Gingerly, he placed the skull atop the carpet of green moss. Hollow eyes watched him, penetrating to the very core of him. It was theviolence. It was always the violence he couldn’t stand, the last gasping breaths, the curled, paled fingers, the way people always searched for something to say as they passed. It wasn’t death that bothered Iris, it was the dying. How soon would his own last breath fill a silent room with parting rasps?How soon would he too search for useless words that only amounted to more grief and confusion to those remaining? No need to worry about that last part.
As Iris continued his staring match with the skull, the cargo bay around him settled into a gentle quiet. From afar, the dull, muffled voices of the academics, now sharing in a modest meal, echoed through to the cargo bay—a tether stretched from the solitary monk to the living. Iris took a curved rib and placed it in its rightful place below the skull. He ached to sever that fragile tether. Most days, it was a reminder of a world that had moved on without him, a world that he could visit from time to time, but never be at home with.
Your vitals indicate—VIFAI started, but Iris silenced it with a wave of a hand. He was well aware of what his vitals indicated. Yet, there was still the last bit of frantic energy racing along his tendons, granting him no reprieve. Left unattended, it could turn to frustration, to anger, and eventually could turn to rash action. Given the circumstances, he couldn’t afford any rash action. The energy required a different outlet.

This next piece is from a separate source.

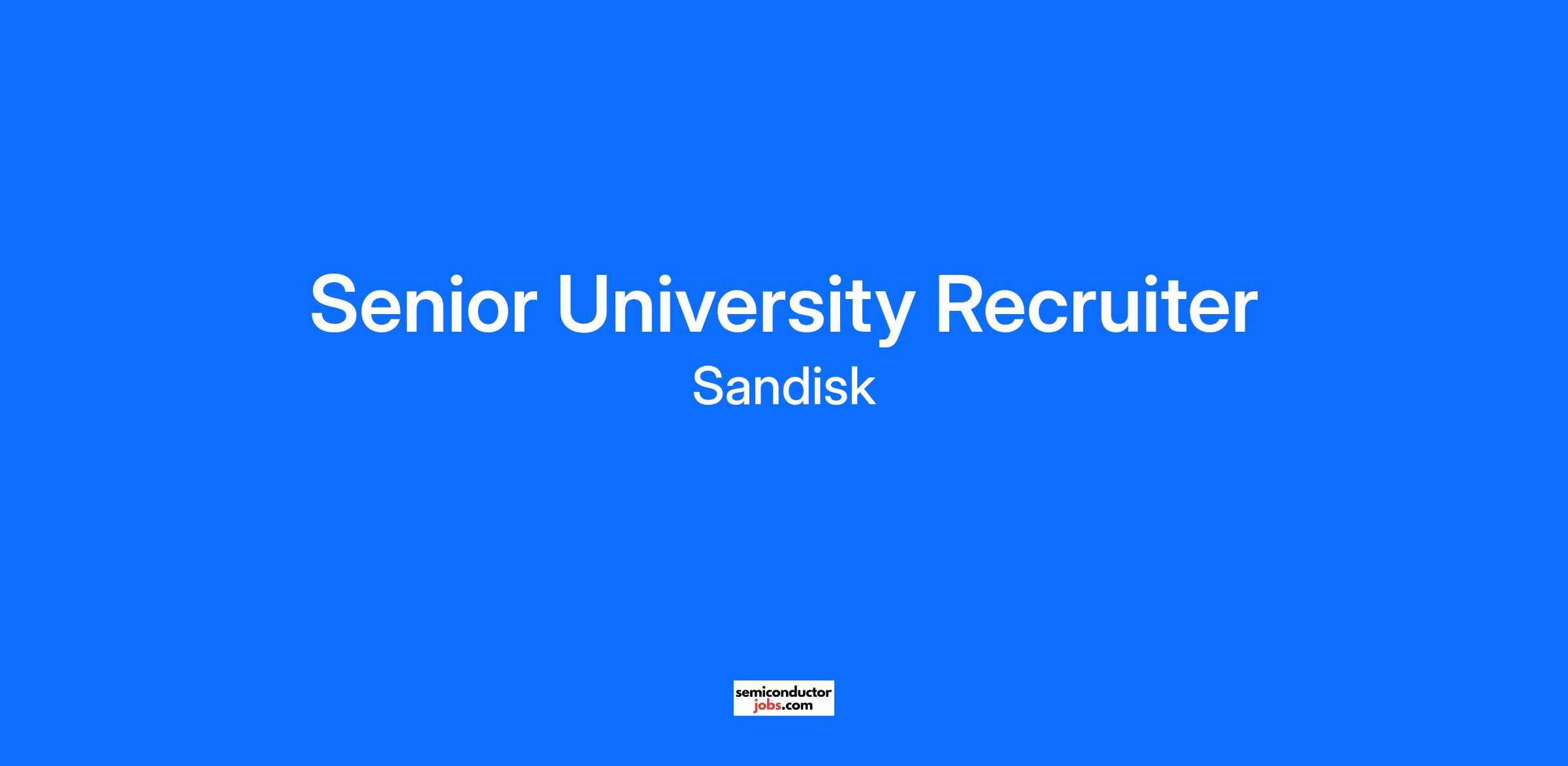 The Sandisk University Recruitment team is hiring a Recruiter focused on technical hires pursuing Bachelors, Masters and PhD. Opportunity is also open to hybrid or remote worker pending on location. Ideal candidate location is Bay Area, Northern California.

First, Iris double- and triple-checked that the door to the cargo bay was firmly shut. Seeing that he was safe, he untied the side of his robes and slid them from his shoulders. Heavy silk pooled by his feet, chasing towards the ground in a pearl waterfall. He folded the robes into a neat square, then reached up and undid the tall collar of his undershirt. His fingers danced along the left side where the edges met in dozens of small knots. The fabric here was as white and delicate as the main robes, and Iris honoured it just the same, folding it in a neat square, creased meticulously along each edge.